(SUPPLIED MATERIAL)

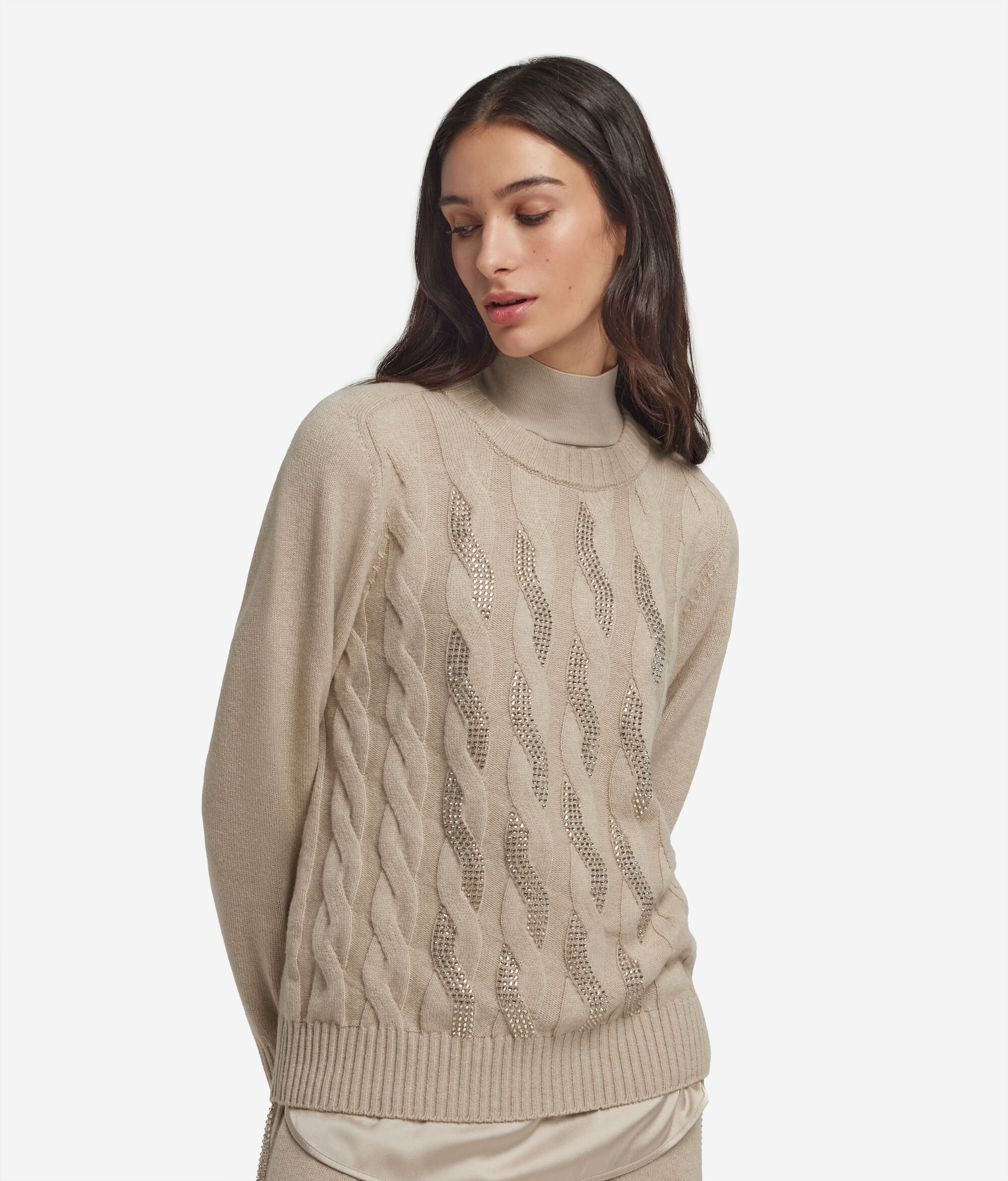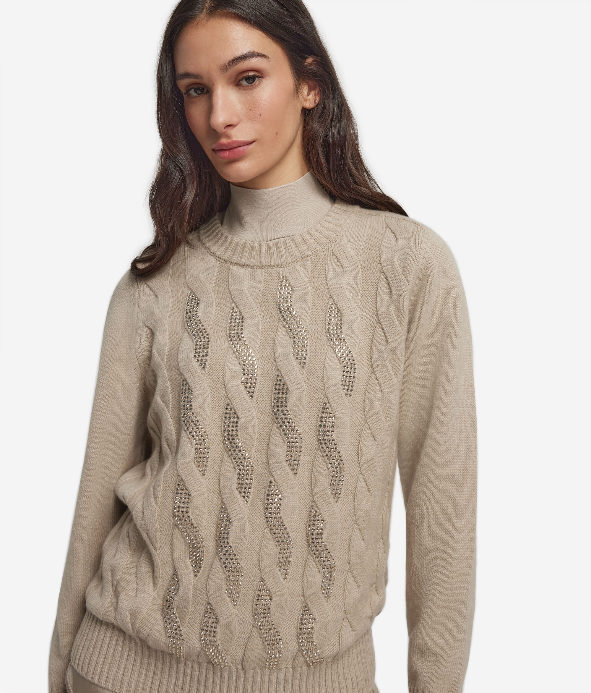 Fonott Mintás Környakú Ultrasoft Kasmír Pulóver Strasszkövekkel
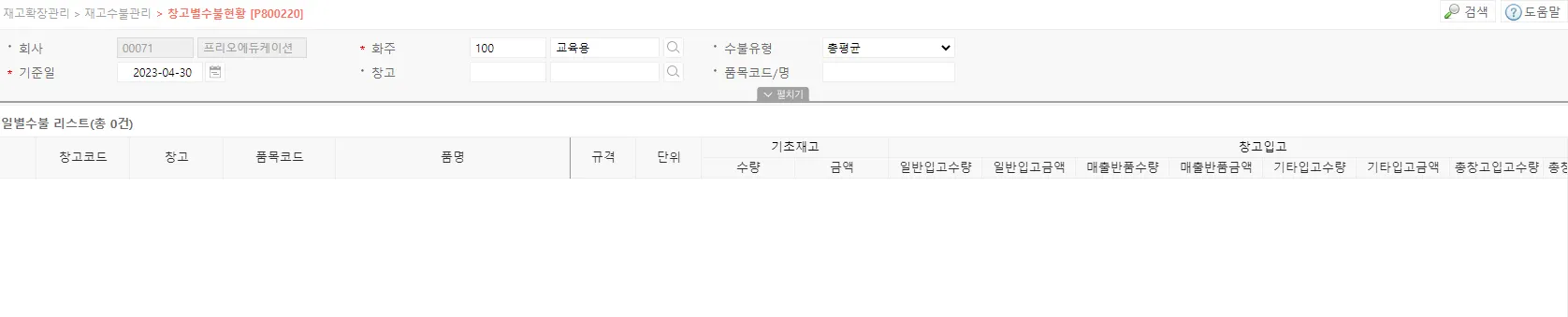 창고별 수불 현황은 각 창고별 수불 내역을 조회할 수 있는 기능입니다.
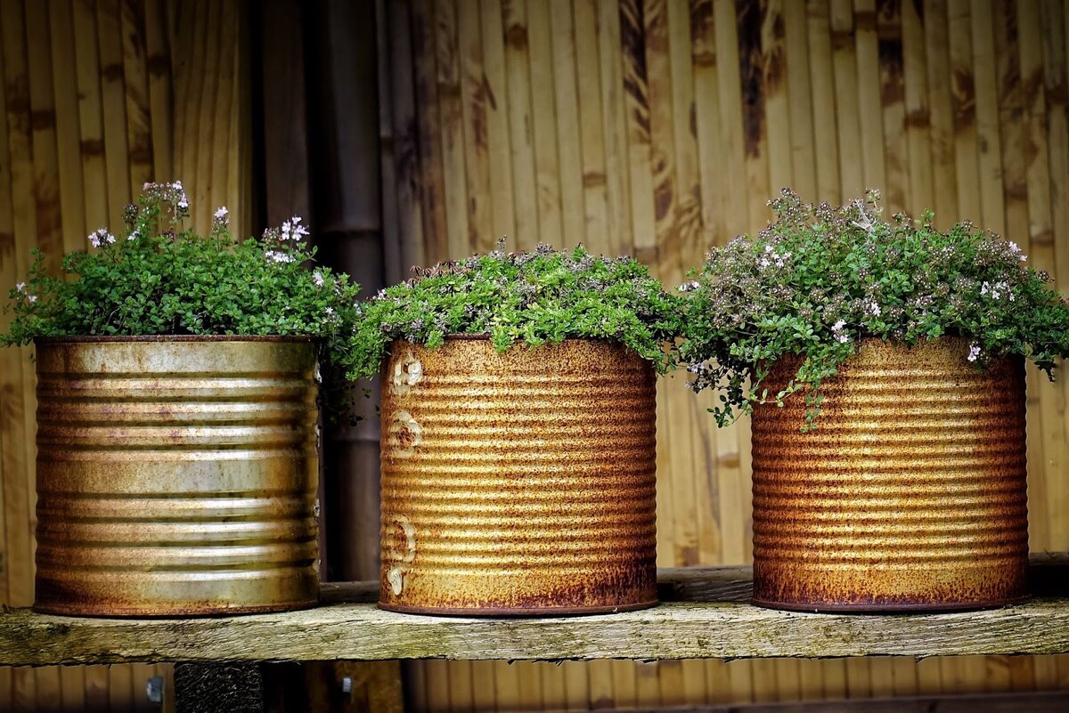Жестяные банки — это не только отличная емкость для продуктов, позволяющая продлить им жизнь. Они могут стать уникальными элементами декора, подчеркивающими характеры жителей дома. Цветочные горшки Жестяные банки отлично подойдут для поддержания влаги у неприхотливых растений. Вы можете раскрасить их по своему вкусу или просто очистить от бумаги и клея, сохранив благородные переливы. Их можно просто поставить или создать подвесную конструкцию с помощью веревок. Хранение мелочей Если в доме есть ребенок, его канцтовары могут отлично разместиться в нескольких цветных железных баночках. Также они подойдут для хранения различных заколок и резинок или зубных щеток в ванной комнате. На кухне они могут пригодиться в качестве подставки для столовых приборов. Светильник Превращение жестяных банок в оригинальные светильники в стиле стимпанк может стать вариантом досуга в кругу близких людей. Дайте волю фантазии, экспериментируйте с формами и узорами будущих уникальных украшений. Для вырезания о
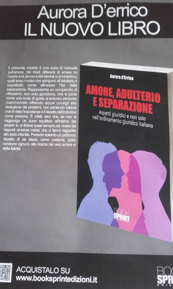 Si tratta di un saggio sull’amore, con riflessioni supportate da citazioni storiche e scientifiche sul rapporto tra un uomo e una donna, del perchè ci si innamora, quali sono i motivi che spingono all’adulterio e soprattutto, nella parte prettamente giuridica del libro, come affrontare l’iter della separazione. Un compendio si riflessioni, recita la sinossi, che si pone come una sorta di guida al tortuoso percorso matrimoniale offrendo alcuni consigli alla risoluzione dei molteplici problemi, non perdendo tuttavia mai di vista il rispetto dell’individuo come persona. L’autrice, Aurora D’Errico di Pescara, prende spunto in gran parte dalla sua attività di avvocato, spesso in prima linea nelle cause di separazione, ma anche dalla sua passione per la ricerca storica, attraverso la citazione di molti autori della letteratura classica e moderna, e di numerosi studi scientifici, senza mai cadere nella retorica dell’ovvio. Un piccolo saggio molto utile che offre spunti di riflessione più ampi rispetto al consueto modo di pensare ed offrendo, nella parte finale, anche teorie, sotto certi aspetti, innovative. Alla presentazione del libro, oggi alle 17.00 alla Mondadori Point di Via Bologna a Pescara, ci saranno anche gli interventi della dottoressa Nicoletta Verì e dell’avvocato Liborio Romito.
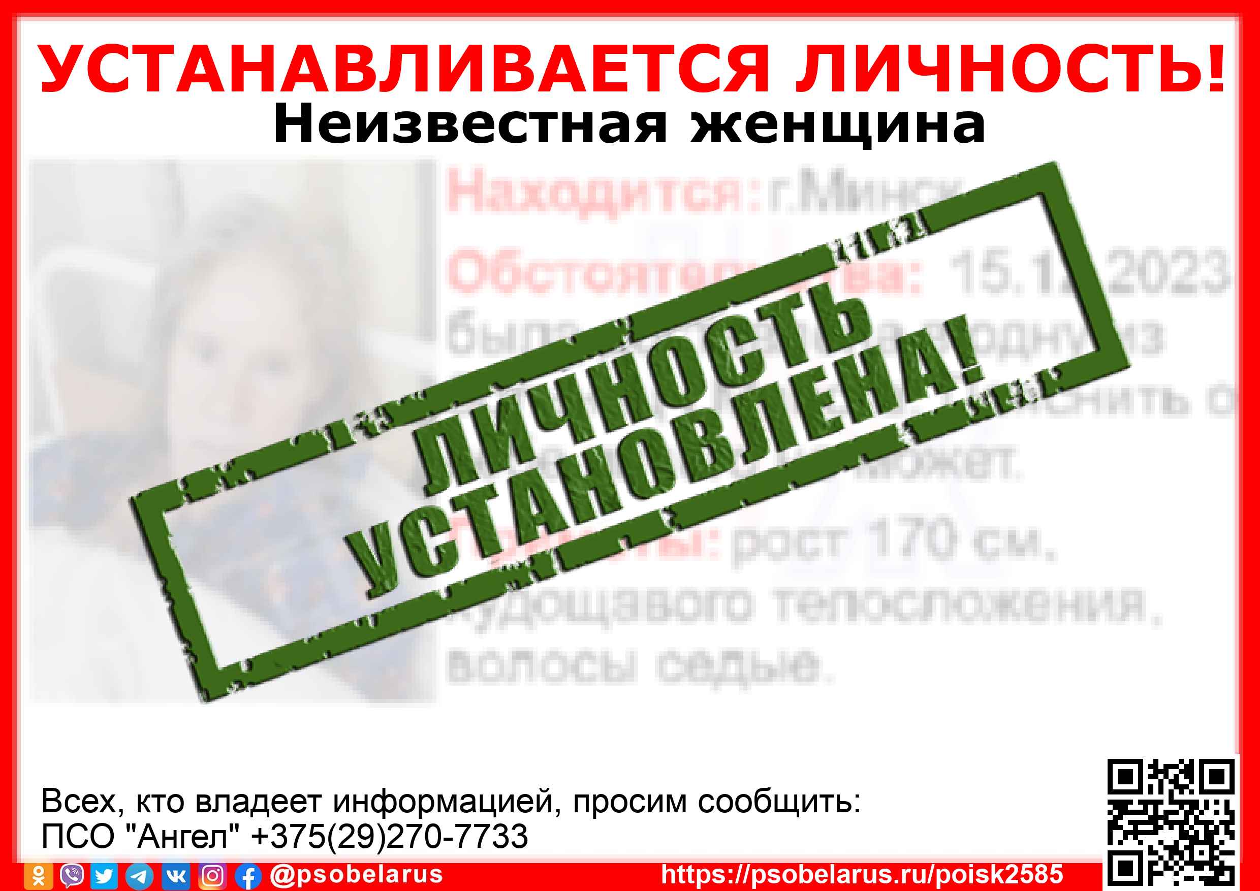 Всех, кто владеет информацией, просим сообщить: ПСО "Ангел" +375(29)270-7733 |
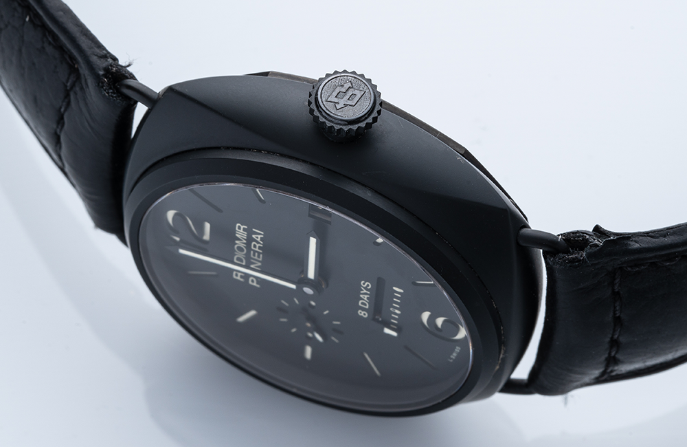 この大胆なサイズ感は軍用時計としての視認性を高めるために設計されたものであり、パネライ独特のデザインアイコンとなっています。
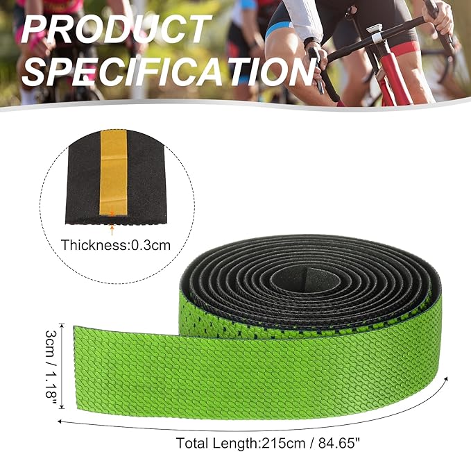 自転車ハンドルバーテープのサイズは215 x 3 x 0.3 cm / 84.65" x 1.18" x 0.12"(L*W*T)、カラーは緑です。
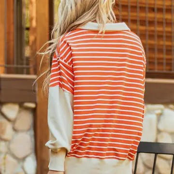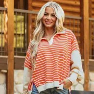 Get into fun fashion with this orange stripe sweatshirt. Featuring a laid-back drop shoulder design and a fun turn-down collar, this top offers casual comfort with a touch of sophistication, plus it features a side slit hem and a very relaxed fitting silhouette. The stripe pattern keeps your look fresh and on-trend—perfect for those easygoing days when style and comfort
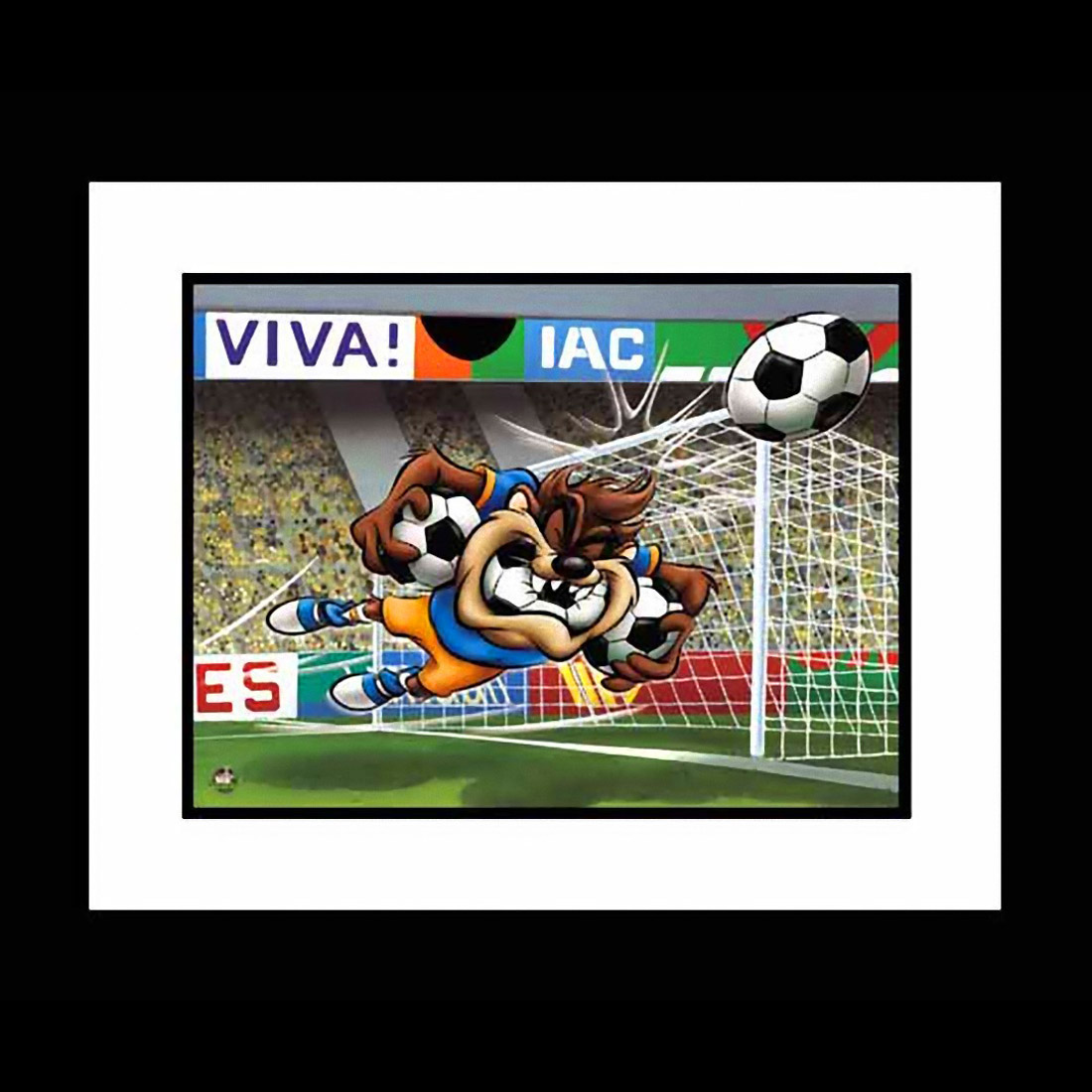 Taz Soccer is part of our collection of art from Warner Bros.’s classic Looney Tunes and Merrie Melodies cartoons. Prints are giclee on paper and price listed above is for the unframed version.
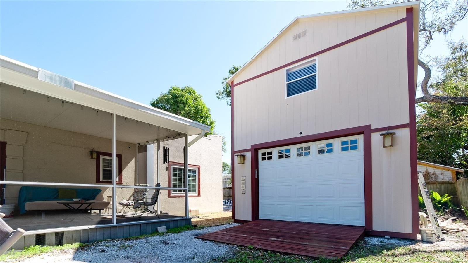 In the backyard, the detached one-car garage with a built-in workshop offers endless possibilities. Above it sits a charming in-law suite, perfect for guests, multigenerational living, or even rental potential.
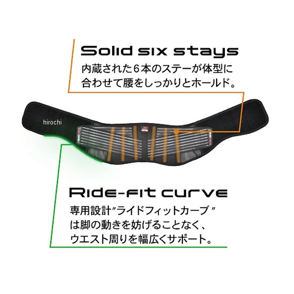 ディーエフジー DFG アクシス ライディングベルトサイズ:6インチ S/M(28-32インチ)【素材】ポリエステル70%、ナイロン20%、ポリウレタン10%【仕様説明】6インチ(幅15cm)のウエストベルトです。細めの形状で動きやすさを重視。ライディング時の動作を妨げることなく、腰を支えます。専用設計ライドフィットカーブにより、足の動きを妨げることなくウエスト周りをサポート。両側にストレッチメッシュパネルを設けたことにより、蒸れにくく通気性に優れます。上下ダブルサポートベルトはベルクロ固定を採用し、簡単に調整可能です。内蔵された6本のステーが背中全体を支えます。フックなどに掛けられる便利なループ付き。細めのコンパクト設計で、女性やユースにも最適です。

(End SUPPLIED MATERIAL)

TASK TO CARRY OUT: Output the material word for word. Pictures do not go in.

THE ANSWER:
 Fonott Mintás Környakú Ultrasoft Kasmír Pulóver Strasszkövekkel
 창고별 수불 현황은 각 창고별 수불 내역을 조회할 수 있는 기능입니다.
Жестяные банки — это не только отличная емкость для продуктов, позволяющая продлить им жизнь. Они могут стать уникальными элементами декора, подчеркивающими характеры жителей дома. Цветочные горшки Жестяные банки отлично подойдут для поддержания влаги у неприхотливых растений. Вы можете раскрасить их по своему вкусу или просто очистить от бумаги и клея, сохранив благородные переливы. Их можно просто поставить или создать подвесную конструкцию с помощью веревок. Хранение мелочей Если в доме есть ребенок, его канцтовары могут отлично разместиться в нескольких цветных железных баночках. Также они подойдут для хранения различных заколок и резинок или зубных щеток в ванной комнате. На кухне они могут пригодиться в качестве подставки для столовых приборов. Светильник Превращение жестяных банок в оригинальные светильники в стиле стимпанк может стать вариантом досуга в кругу близких людей. Дайте волю фантазии, экспериментируйте с формами и узорами будущих уникальных украшений. Для вырезания о
 Si tratta di un saggio sull’amore, con riflessioni supportate da citazioni storiche e scientifiche sul rapporto tra un uomo e una donna, del perchè ci si innamora, quali sono i motivi che spingono all’adulterio e soprattutto, nella parte prettamente giuridica del libro, come affrontare l’iter della separazione. Un compendio si riflessioni, recita la sinossi, che si pone come una sorta di guida al tortuoso percorso matrimoniale offrendo alcuni consigli alla risoluzione dei molteplici problemi, non perdendo tuttavia mai di vista il rispetto dell’individuo come persona. L’autrice, Aurora D’Errico di Pescara, prende spunto in gran parte dalla sua attività di avvocato, spesso in prima linea nelle cause di separazione, ma anche dalla sua passione per la ricerca storica, attraverso la citazione di molti autori della letteratura classica e moderna, e di numerosi studi scientifici, senza mai cadere nella retorica dell’ovvio. Un piccolo saggio molto utile che offre spunti di riflessione più ampi rispetto al consueto modo di pensare ed offrendo, nella parte finale, anche teorie, sotto certi aspetti, innovative. Alla presentazione del libro, oggi alle 17.00 alla Mondadori Point di Via Bologna a Pescara, ci saranno anche gli interventi della dottoressa Nicoletta Verì e dell’avvocato Liborio Romito.
 Всех, кто владеет информацией, просим сообщить: ПСО "Ангел" +375(29)270-7733 |
 この大胆なサイズ感は軍用時計としての視認性を高めるために設計されたものであり、パネライ独特のデザインアイコンとなっています。
 自転車ハンドルバーテープのサイズは215 x 3 x 0.3 cm / 84.65" x 1.18" x 0.12"(L*W*T)、カラーは緑です。
 Get into fun fashion with this orange stripe sweatshirt. Featuring a laid-back drop shoulder design and a fun turn-down collar, this top offers casual comfort with a touch of sophistication, plus it features a side slit hem and a very relaxed fitting silhouette. The stripe pattern keeps your look fresh and on-trend—perfect for those easygoing days when style and comfort
 Taz Soccer is part of our collection of art from Warner Bros.’s classic Looney Tunes and Merrie Melodies cartoons. Prints are giclee on paper and price listed above is for the unframed version.
 In the backyard, the detached one-car garage with a built-in workshop offers endless possibilities. Above it sits a charming in-law suite, perfect for guests, multigenerational living, or even rental potential.
 ディーエフジー DFG アクシス ライディングベルトサイズ:6インチ S/M(28-32インチ)【素材】ポリエステル70%、ナイロン20%、ポリウレタン10%【仕様説明】6インチ(幅15cm)のウエストベルトです。細めの形状で動きやすさを重視。ライディング時の動作を妨げることなく、腰を支えます。専用設計ライドフィットカーブにより、足の動きを妨げることなくウエスト周りをサポート。両側にストレッチメッシュパネルを設けたことにより、蒸れにくく通気性に優れます。上下ダブルサポートベルトはベルクロ固定を採用し、簡単に調整可能です。内蔵された6本のステーが背中全体を支えます。フックなどに掛けられる便利なループ付き。細めのコンパクト設計で、女性やユースにも最適です。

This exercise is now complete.